In what could be a morale booster for the government, after it simplified the future auction process, proposing a revenue sharing model to replace the current profit sharing model in oil and gas sector, the global rating agency Standard & Poor’s Ratings Services has said that the new price formula and calibrated marketing freedom for gas produced from fields in difficult terrain could help attract investments in India’s oil and gas sector.
The rating agency further said that the new policy approvals in hydrocarbon E&P could help bring in transparency and lower administrative complexities in the sector. It expects the pricing formula to almost double the prices of domestic gas from difficult fields to about $ 7 per million British thermal units (mmbtu), from the current $ 3.8 an mmbtu. At present, domestic gas prices are determined by a formula of average gas prices in gas surplus geographies.
S&P, however, said the decisions 'could help attract investments' in the difficult fields but it will take time, as some of the difficult fields are green field projects and many discoveries will need approvals for capital outlays and time to implement. It also said that the new policies are credit positive for Oil and Natural Gas Corp (ONGC) and Reliance Industries (RIL), but meaningful cash flows are a few years away, as the investments in the difficult fields will increase gradually and meaningful production from such fields will take much longer.

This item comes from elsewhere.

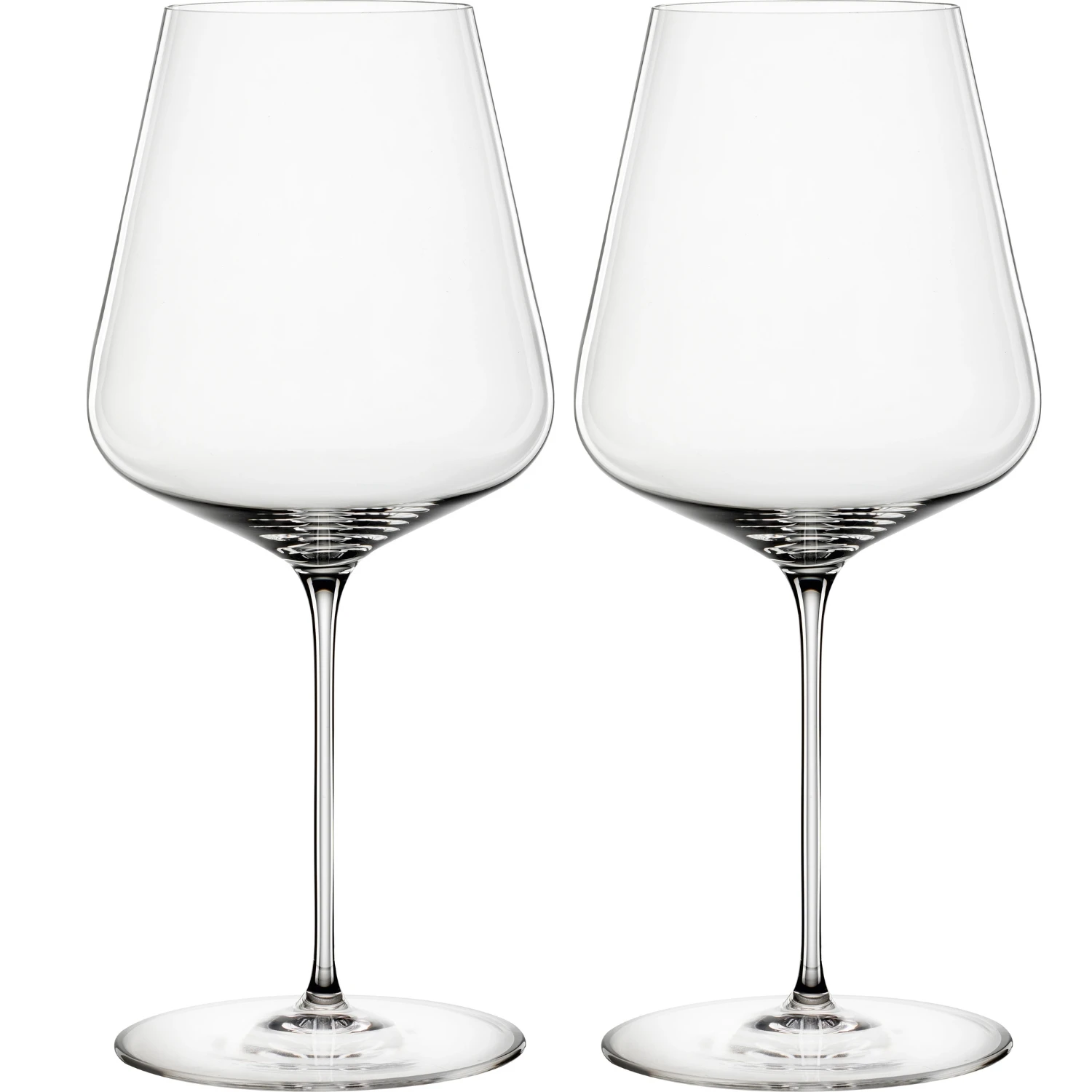 De Definition wijnglazen van Spiegelau staan bekend om hun elegante vorm en bijna gewichtloze gevoel. Ze zijn gemaakt van bijzonder dun kristalglas, waardoor ze licht in de hand liggen en het drinken van een mooie Bordeaux nog plezieriger maken. Het ontwerp is zorgvuldig afgestemd om de aroma’s optimaal te laten openen, zodat elke slok intenser en voller smaakt.

Under the new formula, gas prices would be capped at the lowest of the imported cost of fuel oil, landed price of liquefied natural gas (LNG), or weighted average of imported price of coal, fuel oil, and naphtha.These prices will be reset semi-annually and will be applicable for future discoveries and existing discoveries that are yet to start commercial production. In addition, all exploration and production (E&P) activities will require just a single license, and bidders will be free to choose areas for exploration from among the fields up for auction.